Monday, May 7, 2012

After two years

These days I feel like I don't have time to think for myself so it's nice to take a step back and unwind. I'm doing a study guide for a Bio class and i'm stressing out about three tests in the next three days. College has been difficult and oddly life changing. I failed, cried, fought, loved, and the like. I can't believe I made it this far and i'm constantly trying to make my life significantly better. Want to know some ridiculous shit that happened in good ole sf? I ran from the cops. I got into a fight and beat up a black guy. I fell in love. I felt like i was alone for the longest time. I was more of a hermit on some points than i would like I learned the harsh reality of living on your own I learned life is a tad bit easier if you have someone holding you up I learned how to flip knives I had too many breakdowns I was carried home and almost got alcohol poisoning I got drunk off my ass with tif I experienced things that forty year olds are supposed to experience not 19 year olds I thought I left everything i loved back in so cal I grew up. Shit, life gets pretty hard up here but still hanging on.

Sunday, April 15, 2012

You know what.

I don't like San Francisco. I dont particularly like the people here but you know what? Whatever.

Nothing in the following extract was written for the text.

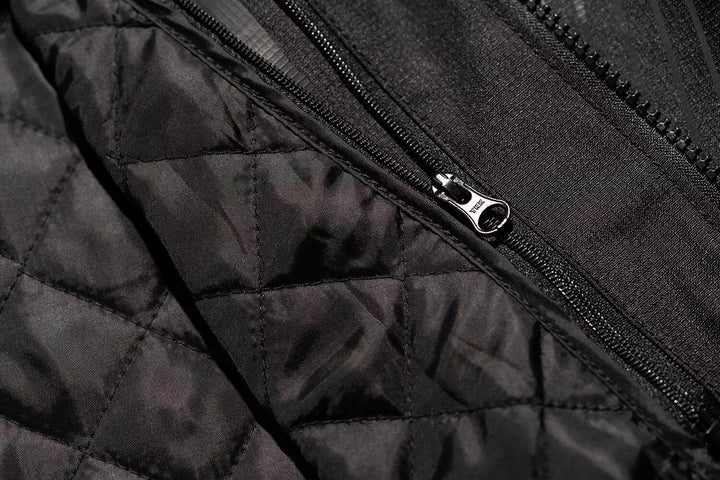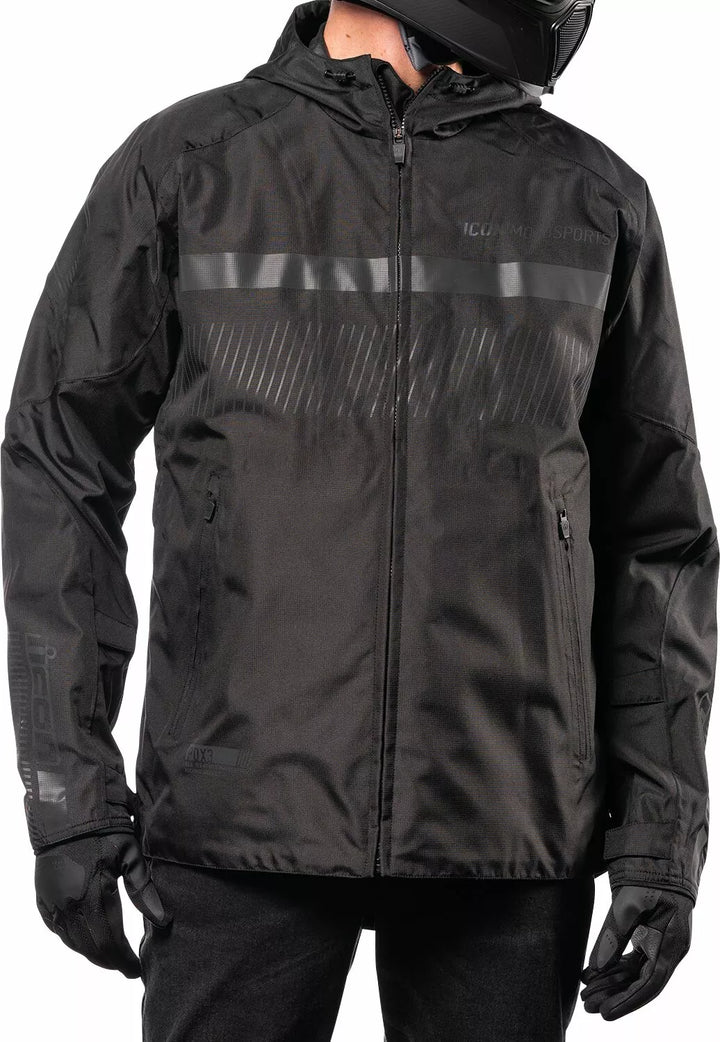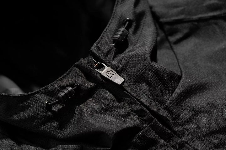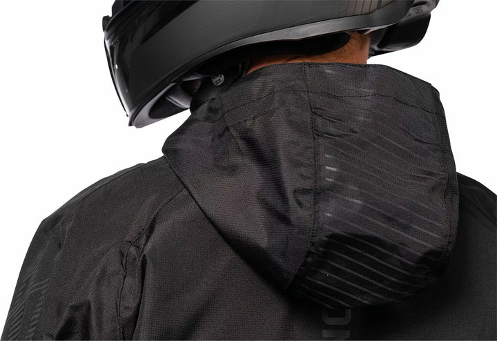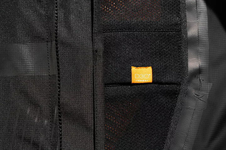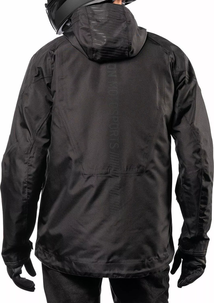 Verwijderbare geïsoleerde vest-voering, interne 300D polyester versterkings, Hycor ™ waterdicht/ademend chassis, oversized putopeningen, Icon® ontspannen fit, rol- en opbergkap, achterbeschermer EN 1621-2 Niveau 1

I'm having a nice time up here. I try hard to convince myself that it's the worst place to live and junk but maybe i've just become adjusted. I'm not as angry or drunk anymore and I can support myself and stand my ground. Crazy shit has happened here and I feel that's probably not stopping.

I like my life, it's not perfect but it's damn good i tell you what.

Praise god and how he truly shows his love at your lowest points.